Worrywarts aren’t doing so well when it comes to their heart health, suggests a new study published Friday in the BMJ Open.

Researchers analyzed data from a nationwide cardiovascular research project conducted in Norway. They looked at over 7,000 Norwegians free of heart disease prior to the study and tracked their heart health over the next 12 years, while singling out the 700 or so volunteers who reported a high degree of health anxiety — defined as a preoccupation with having or developing in the near future a serious health problem despite not being physically ill.

While only 6 percent of people with high health anxiety were diagnosed with coronary artery disease past the first year of study, that was about double the rate of the general population. Even after accounting for other known risk factors, people with health anxiety were still 70 percent more likely to someday have heart disease than non-worrywarts. And the higher the level of health anxiety, the greater the risk, adding more support to a direct link.

“This finding corroborates and extends the understanding of anxiety in various forms as a risk factor for [coronary artery disease],” the authors concluded.

Research elsewhere has shown that anxiety disorders in general can help trigger or worsen cardiovascular disease, right alongside diet, a sedentary lifestyle, and exercise. But relatively little if no research has specifically looked at health anxiety, the authors said.

While health anxiety alone may increase our heart disease risk, it’s possible it can indirectly do so too. People with health anxiety were also more likely to smoke and spend less time exercising. Maybe, the researchers speculated, the added stress leads them to seek out sin sticks, while the fear of straining their presumingly frail bodies keeps them away from the gym.
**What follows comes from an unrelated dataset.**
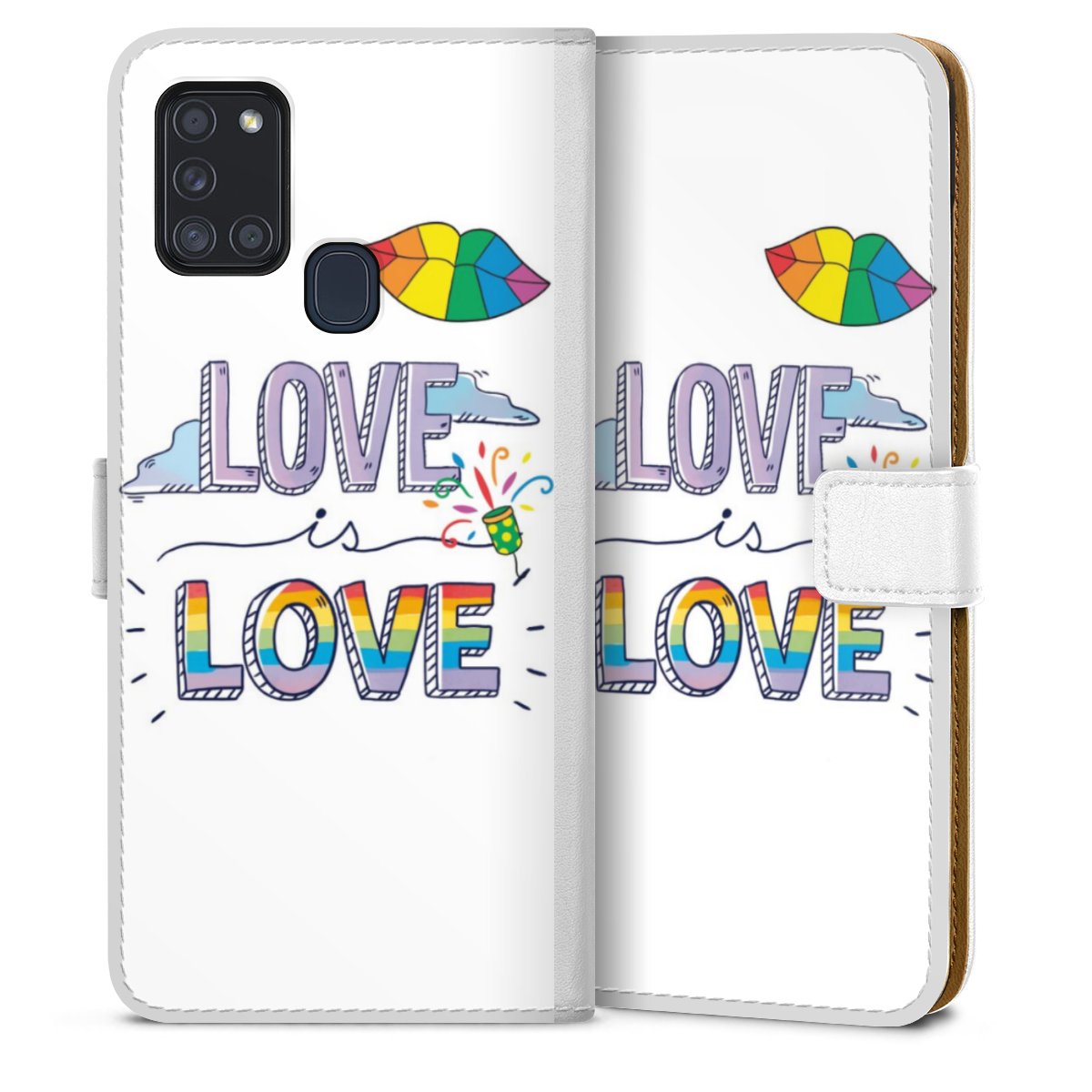 For our Sideflip Case we are using our advanced direct printing technology. The back and frontside are fully printabale, the inside of the phone bag is left unprinted. You can order the phone case without print, printed completely or also with a partial print.

Although the connection between health anxiety and heart health seems fairly strong, the research is less clear on what doctors and worried patients should do about it, especially since anxiety attacks can often look and feel just like a heart attack. And telling these particular patients to stay on guard for heart disease signs may only worsen their anxiety.

“These findings illustrate the dilemma for clinicians between reassuring the patient that current physical symptoms of anxiety do not represent heart disease,” the authors wrote, “contrasted against the emerging knowledge on how anxiety, over time, may be causally associated with increased risk of [heart disease].”

Perhaps the best solution might involve a compromise between doctors and patients, they added. Such that doctors encourage patients to seek treatment for their health-related anxiety while still reaffirming the role anxiety can play in their physical health.

Source: Berge L, Skogen J, Sulo G, et al. Health Anxiety And Risk Of Ischaemic Heart Disease: A Prospective Cohort Study Linking The Hordaland Health Study (Husk) With The Cardiovascular Diseases In Norway (Cvdnor) Project. BMJ Open. 2016.